WHEREFORE, the Court GRANTS the petition for review on certiorari; REVERSES and SETS ASIDE the judgment and order rendered, respectively, on February 14, 2012 and January 22, 2013 by the Regional Trial Court, Branch 33, in Davao City in SP. Proc. No. 10, 718-2010; GRANTS the petition for adoption; DECLARES that henceforth, JAN AUREL MAGHANOY BULAYO, is freed from all legal obligations of obedience and maintenance with respect to his biological father, and shall be, to all intents and purposes, the child of the Spouses Mary Jane B. Kimura and Yuichiro Kimura, with his surname to be changed to KIMURA.

Let a copy of this decision be each furnished to the Office of the Solicitor General; the Department of Social Welfare and Development, Regional Office, Region XI, in Davao City; and the Local Civil Registrar of Davao City.

No pronouncement on costs of suit.


Perlas-Bernabe, Gesmundo, Carandang, and Zalameda, JJ., concur.


1 Rollo, pp. 25-26; penned by Judge Lope L. Calio.

2 Id. at 28.

3 Id. at 218.

4 Id. at 25-26.

5 Id. at 26.

6 Id. at 14.

7 Id. at 15-17.

8 Black's Law Dictionary, Fifth Edition, p. 1158.

9 Macadangdang v. Court of Appeals, G.R. No. L-49542, September 12, 1980, 100 SCRA 73, 89.

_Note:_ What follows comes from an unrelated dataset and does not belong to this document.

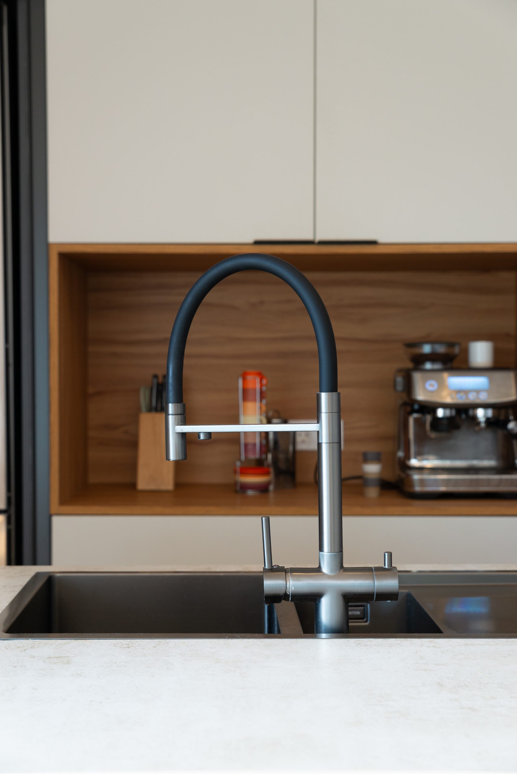 Cocina abierta al salón-comedor para cocinar mirando al jardín y al Mediterráneo y socializar sin barreras.

10 See Record of the Senate on the Interpellations re: Sen. Santiago's Sponsorship Speech on Senate Bill No. 1523 dated February 5, 1998.

11 Id.

12 Rollo, p. 224.

13 Section 7(b)(ii) is the provision applicable to one who seeks to adopt the legitimate son/daughter of the Filipino spouse;

14 Rollo, p. 21.

15 See

16 Minucher v. Court of Appeals, G.R. No. 142396, February 11, 2003, 397 SCRA 244, 254-255.